*Your assignment:* Repeat only the lines below from the one containing "Fig 2a: AP radiograph of knee" through the one containing "Barbeito Sercial Madeira", inclusive, exactly as written.

------ Records supplied ------

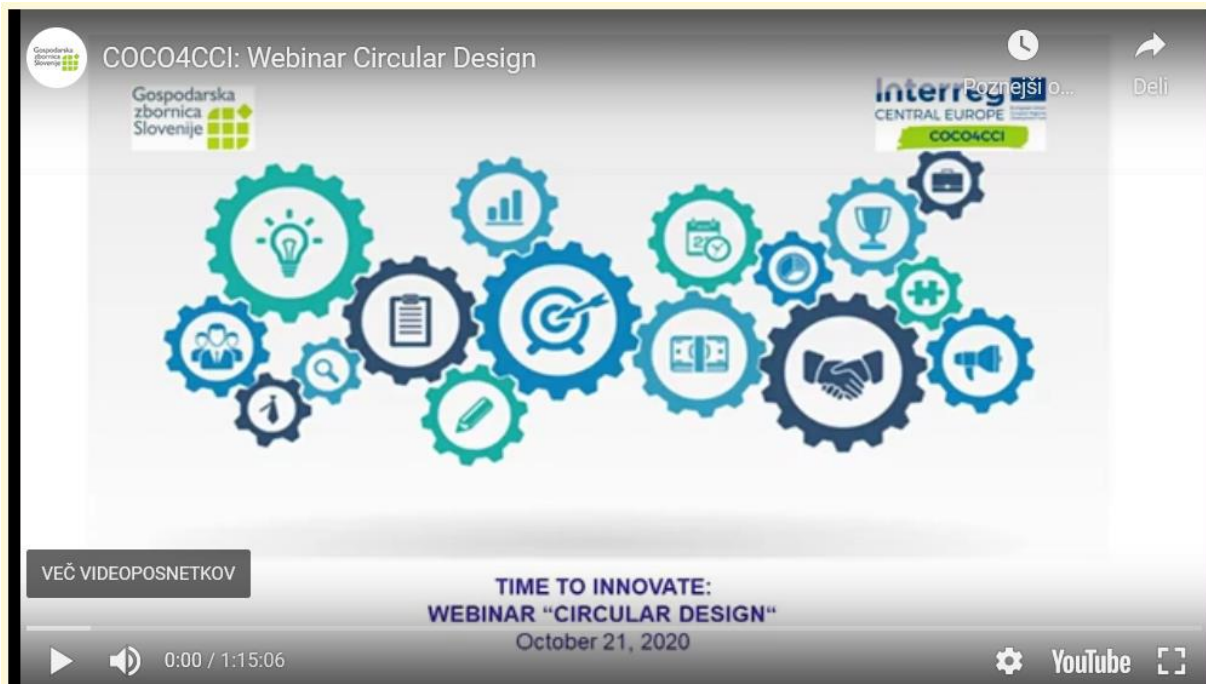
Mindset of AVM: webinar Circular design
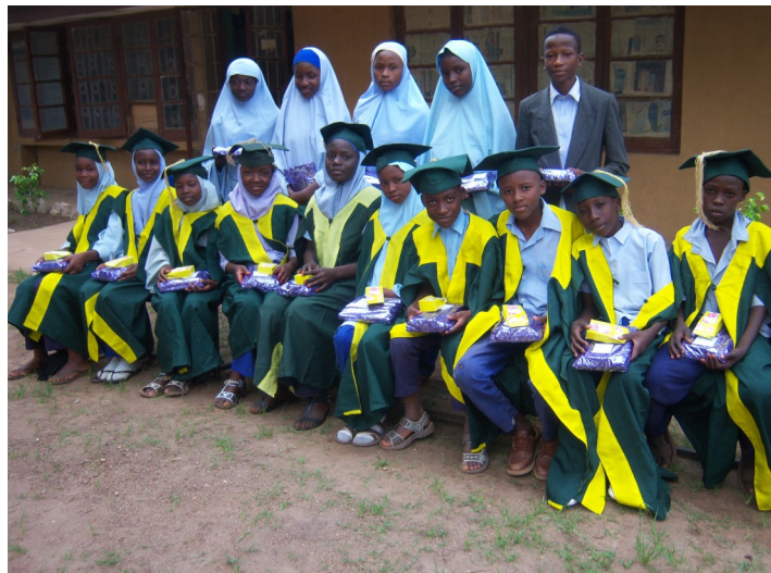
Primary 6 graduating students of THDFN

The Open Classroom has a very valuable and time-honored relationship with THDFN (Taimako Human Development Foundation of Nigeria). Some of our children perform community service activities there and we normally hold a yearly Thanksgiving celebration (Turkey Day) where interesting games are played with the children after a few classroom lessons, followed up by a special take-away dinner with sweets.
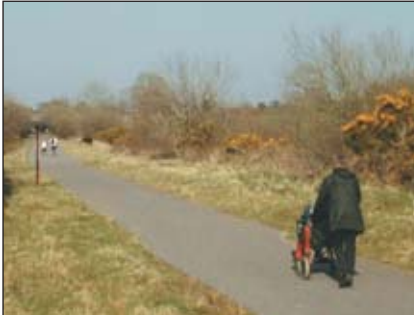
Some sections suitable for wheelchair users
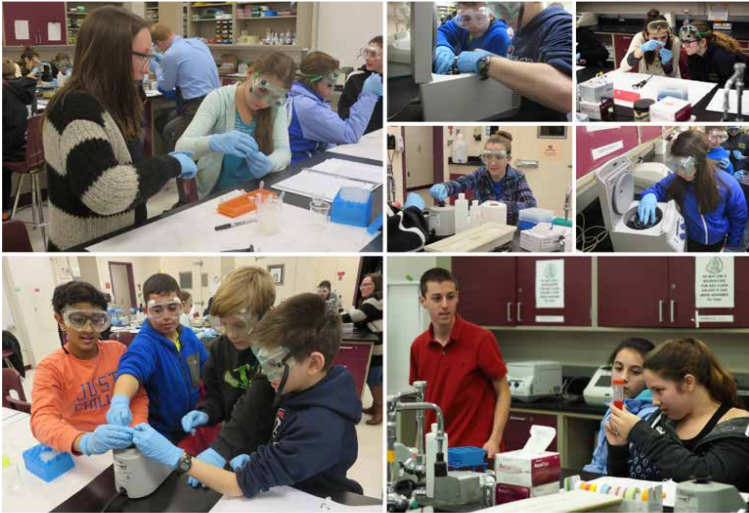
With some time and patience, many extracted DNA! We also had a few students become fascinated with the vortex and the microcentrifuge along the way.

------
------ Records supplied ------

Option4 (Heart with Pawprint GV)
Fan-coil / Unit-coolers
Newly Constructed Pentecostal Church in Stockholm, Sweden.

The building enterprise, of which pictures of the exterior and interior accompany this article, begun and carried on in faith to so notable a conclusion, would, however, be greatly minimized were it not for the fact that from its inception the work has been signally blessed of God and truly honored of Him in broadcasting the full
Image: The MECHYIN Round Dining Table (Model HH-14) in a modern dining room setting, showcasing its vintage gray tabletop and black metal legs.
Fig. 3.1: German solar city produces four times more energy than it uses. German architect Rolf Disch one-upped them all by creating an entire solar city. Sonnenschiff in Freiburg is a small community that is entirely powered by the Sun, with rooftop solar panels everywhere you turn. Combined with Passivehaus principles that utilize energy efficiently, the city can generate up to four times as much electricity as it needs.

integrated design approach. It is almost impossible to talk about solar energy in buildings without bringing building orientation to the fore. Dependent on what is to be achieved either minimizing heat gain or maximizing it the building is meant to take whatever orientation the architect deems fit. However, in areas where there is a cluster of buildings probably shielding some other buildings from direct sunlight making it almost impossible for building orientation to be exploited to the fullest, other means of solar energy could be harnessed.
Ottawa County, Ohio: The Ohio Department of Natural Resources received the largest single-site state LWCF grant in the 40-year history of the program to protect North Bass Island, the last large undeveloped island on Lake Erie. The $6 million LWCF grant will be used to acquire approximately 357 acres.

------
------ Records supplied ------

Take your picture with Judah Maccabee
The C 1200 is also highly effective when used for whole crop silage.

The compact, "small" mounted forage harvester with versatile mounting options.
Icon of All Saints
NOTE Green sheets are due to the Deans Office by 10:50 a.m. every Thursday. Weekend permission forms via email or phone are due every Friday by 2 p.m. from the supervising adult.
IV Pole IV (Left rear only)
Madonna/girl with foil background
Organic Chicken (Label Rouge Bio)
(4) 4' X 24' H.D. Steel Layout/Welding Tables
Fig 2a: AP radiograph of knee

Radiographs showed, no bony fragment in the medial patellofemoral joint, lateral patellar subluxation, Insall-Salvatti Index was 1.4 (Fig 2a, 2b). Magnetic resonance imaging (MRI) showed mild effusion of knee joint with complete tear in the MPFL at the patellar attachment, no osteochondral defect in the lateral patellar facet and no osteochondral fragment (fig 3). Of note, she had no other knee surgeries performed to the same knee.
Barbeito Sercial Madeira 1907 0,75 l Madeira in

------

*Exercise output:*
Fig 2a: AP radiograph of knee

Radiographs showed, no bony fragment in the medial patellofemoral joint, lateral patellar subluxation, Insall-Salvatti Index was 1.4 (Fig 2a, 2b). Magnetic resonance imaging (MRI) showed mild effusion of knee joint with complete tear in the MPFL at the patellar attachment, no osteochondral defect in the lateral patellar facet and no osteochondral fragment (fig 3). Of note, she had no other knee surgeries performed to the same knee.
Barbeito Sercial Madeira 1907 0,75 l Madeira in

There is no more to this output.